1. This is an application on the part of the defendant under Section 25 of the Provincial Small Cause Courts Act. It appears that the plaintiffs, on the 28th February 1918, obtained a judgment against the defendant' and certain co-sharers of the defendant for rent. On the 11th February 1920, according to the plaintiff's case, the pontiffs entered into a contract with the defendant that, in consideration that the plaintiffs would not seek to enforce their judgment, the defendant would pay the amount thereof with interest, at 12 per cent, per annum in April 1921. By April 1921, the original judgment would become and has become time-barred and execution proceedings could no longer be taken upon it. The present suit was brought against the defendant on the 31st March 1922. The plaintiffs have proved the contract alleged and the present application is based upon the contention that such a contract as is alleged and proved is not valid in law. It is pointed out that the contract; sued upon is a verbal contract and it is said that, as Section 19 of the Limitation Act requires the acknowledgment to be in writing, it stands to reason that such a verbal contract as here alleged cannot be enforceable. That contention seems to be unsound. All that is required by Section 19 of the Limitation Act is the acknowledgment of an existing debt. A new consideration is not required and an actual promise to pay is not required. Acknowledgment alone is required. That must be in writing and signed by the defendant and the original debt can be enforced. But a new promise for a new consideration is a cause of action in itself and is, in no way, obnoxious to the Limitation Act: see per Mitter, J., in Duhhi Sahu v. Mahomed Bikhu 10 C. 284 at p. 290 : 13 C.L.R. 445 : 5 Ind. Dec. (N.S.) 190. Having regard to the time at which it was to take effect, the defendant's promise, as pleaded, may very well have been intended as a fresh bargain and not as a mere giving of time by plaintiffs for payment of the old debt. The learned Judge has found a contract and there is nothing to show that he is wrong.

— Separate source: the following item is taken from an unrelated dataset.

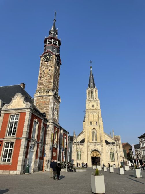 La Grand Place est entourée par plusieurs bâtiments importants. Le premier est l’Hôtel de Ville, construit au 18ème siècle autour du Beffroi médiéval de la ville, aujourd’hui classé au Patrimoine mondial de l’UNESCO avec un ensemble de beffrois de Belgique et du nord de la France.

2. The present case may be viewed in the light of the 3rd clause of Section 25 of the Contract Act, a clause which, as has been held in most of the Courts in India, covers the case of a judgment-debt. Section 25 is directed to stating by way of exception that in certain cases an agreement although without consideration is not void. One of those cases is a case of promise to pay a barred debt if that promise is made in writing and is signed by the party to be charged. In such a case as that although the judgment-debt is barred, the promise to pay it, although there is no new consideration, would be good if in writing and signed. The present) case has these differences that the judgment-debt was not barred at the time; that there was good consideration; but the promise is not in writing or signed. On principle, where a person has given consideration for the purpose of obtaining a fresh promise to be acted on as in this case at a time, namely, April 1921, when all remedy under the previous judgment would be barred, such a promise seems valid and enforceable. The case of Heera Lall v. Dhunput Singh 4 C. 500 : 3 C.L.R. 554 : 2 Ind. Dec. (N.S) 317. especially the first branch of the decision, is in the plaintiffs' favour.

3. No doubt, there is room, with the assistance of a certain amount of perjury, for driving a gap through the provisions of the Law of Limitation by setting up a false verbal agreement. At the same time, the Courts have always to distinguish between true and false evidence and this is, by no means, the only kind of case in which they are likely to be called upon to do so. We cannot satisfy ourselves that there is any objection in law to the plaintiffs' case as pleaded and as found.

4. The only other observation which seems necessary is this, that this suit is no wise a suit upon a judgment nor is it a proceeding under a judgment to enforce a judgment. Indeed, the whole logic of the matter is that the judgment was superseded by the new agreement. The suit is upon a contract made no doubt with reference to an amount found due by the plaintiffs' judgment. But it is a suit on a simple contract No exception can be taken to the frame of the suit. Under these circumstances, this Rule must be discharged with costs.